Mentored Scientist Award

HIV infection increases risk of tuberculosis (TB) disease. Antiretroviral therapy (ART) decreases TB risk, yet it remains strikingly higher than in people without HIV. HIV increases immune dysfunction, impairing T helper (Th)1, Th17 cells and expanding regulatory responses, all of which likely increase TB risk. Furthermore, other immune activation pathways, such as the kynurenine pathway of tryptophan catabolism (KP) are upregulated in HIV and remain abnormal despite ART. KP catabolites suppress Th17 cells while expanding regulatory T cells (decreasing Th17/Treg ratio), potentially linking the KP to functional T cell defects associated with TB risk. It remains unknown how early initiation of ART regulates HIV-induced immune activation and dysfunction, since TB risk remains high despite viral suppression. We aim to determine the longitudinal kinetics of immune activation from pre-HIV acquisition up to 8 years after ART. We also aim to determine the impact of ART initiation timing on restoration of the immune function.

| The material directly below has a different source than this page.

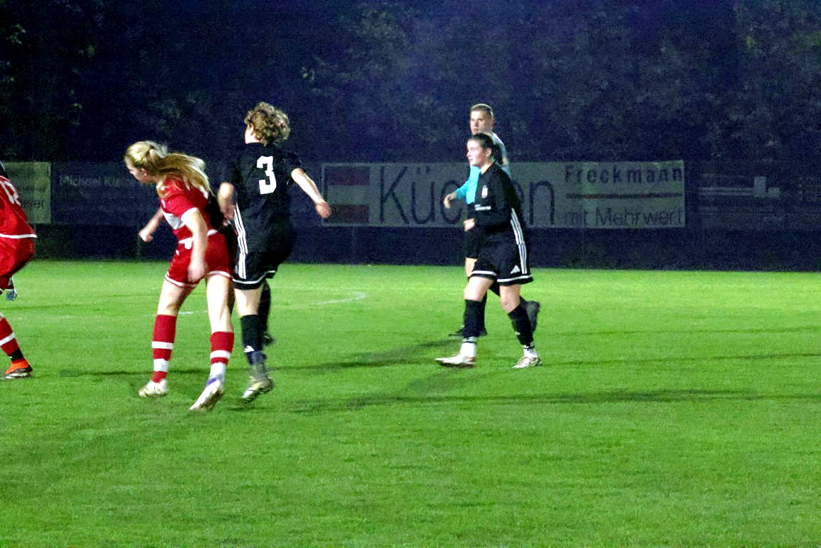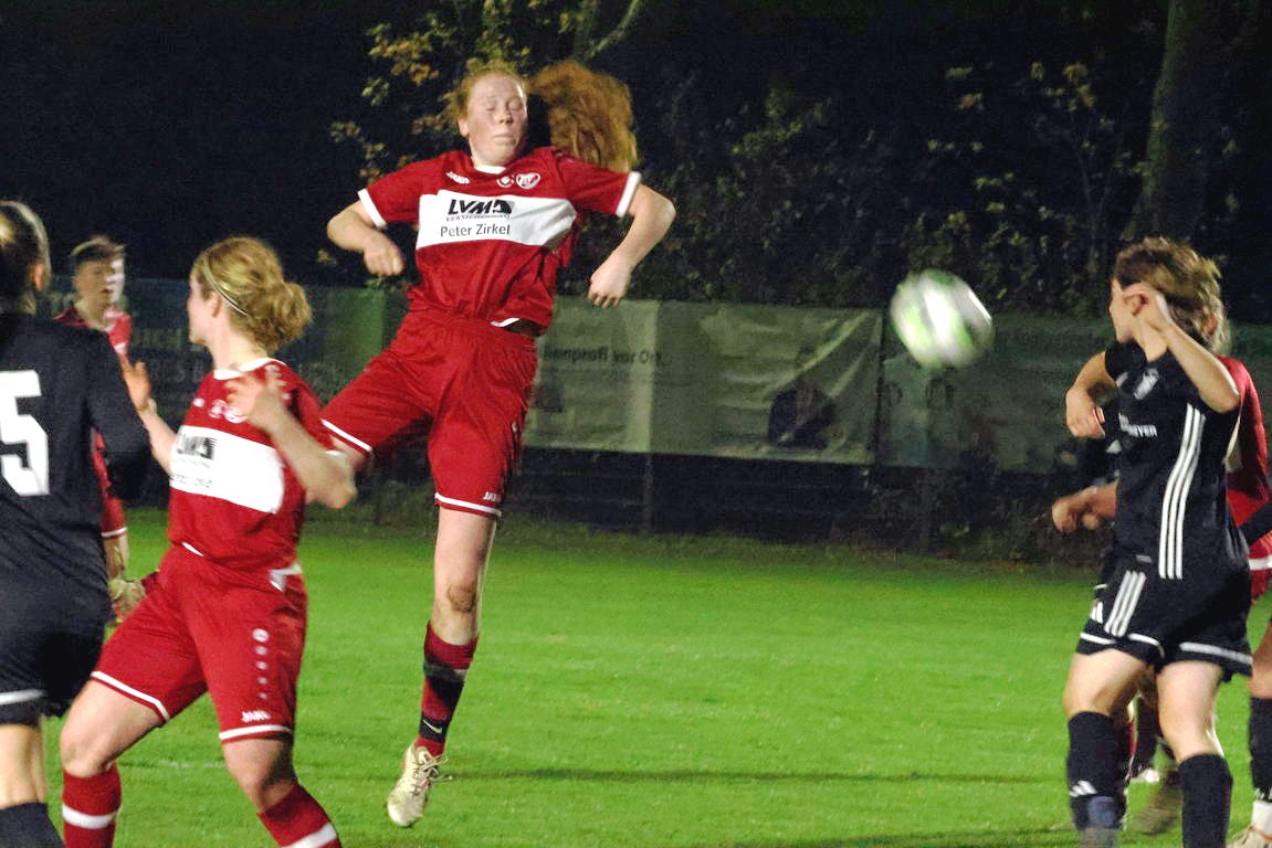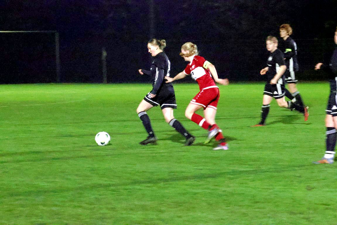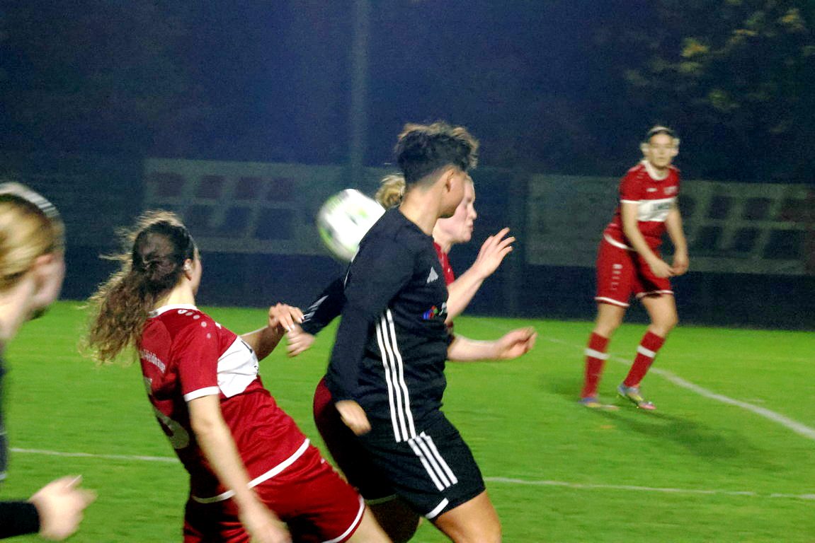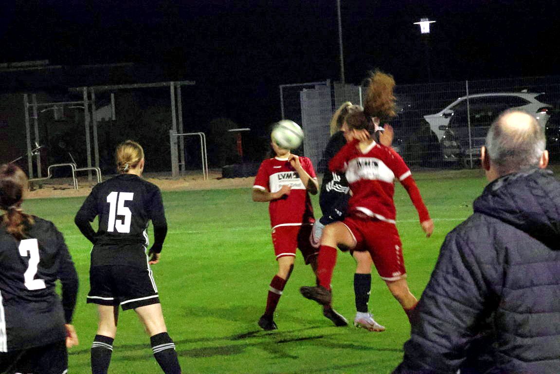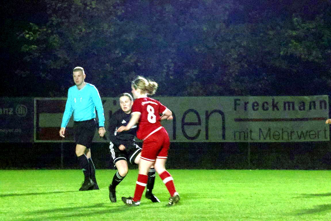 Von Beginn an entwickelte sich eine intensive Partie, mit der 1. Torannäherung durch die Gastgeberinnen in persona Lou Schröder. Doch sukzessive kamen auch die Gäste entsprechend in die Partie. Deren 1. halbwegs gefährliche Torchance verbuchten sie in Minute 14 durch einen Torschuss von Rieke Klokkers, der 0,5m über den Querbalken zischte. Was das Halali für das Offensivspiel der SG Georgsdorf darstellte, die sich im weiteren mehr und mehr dem 0:1 annäherten. Doch die Gäste scheiterten immer wieder entweder am eigenen Unvermögen, oder der vielbeinigen, kämpferisch perfekt eingestellten SG BOS-Abwehr. So blieb es bis zum Pausenpfiff des souveränen Schiedsrichters Sebastian Welkener vom SC Melle 03 torlos. Es war bis dahin eine sehr zweikampfintensive Angelegenheit, ohne aber die ganz großen Offensiv-Highlights, trotzdem für die etwa 35 Besucher sehr unterhaltsam. Vorteile für die Gäste zwar ja, aber die Gastgeberinnen hielten nichtsdestotrotz die Null.

We hypothesize that whilst immediate ART initiation among people with recent HIV infection attenuates HIV-induced immune activation and dysfunction better than later ART initiation, these functions are not fully restored to pre-HIV infection levels even after long-term ART. We will leverage samples from the MERLIN study, which recruited at-risk Peruvian men who have sex with men (MSMs) and transgender women (TW) from an existing cohort, and randomized them during incident HIV infection to immediate or delayed ART (after 24 weeks after infection). They were followed for up to 8 years on ART. KP activity will be assessed pre-HIV acquisition and until 4 years after ART. Th17 and Treg function will be measured after stimulating cells with Mycobacterium tuberculosis (Mtb)-specific antigens using spectral flow.

This study will give insight into an important immune mechanism linking acute and long-term effects of HIV on the risk of TB.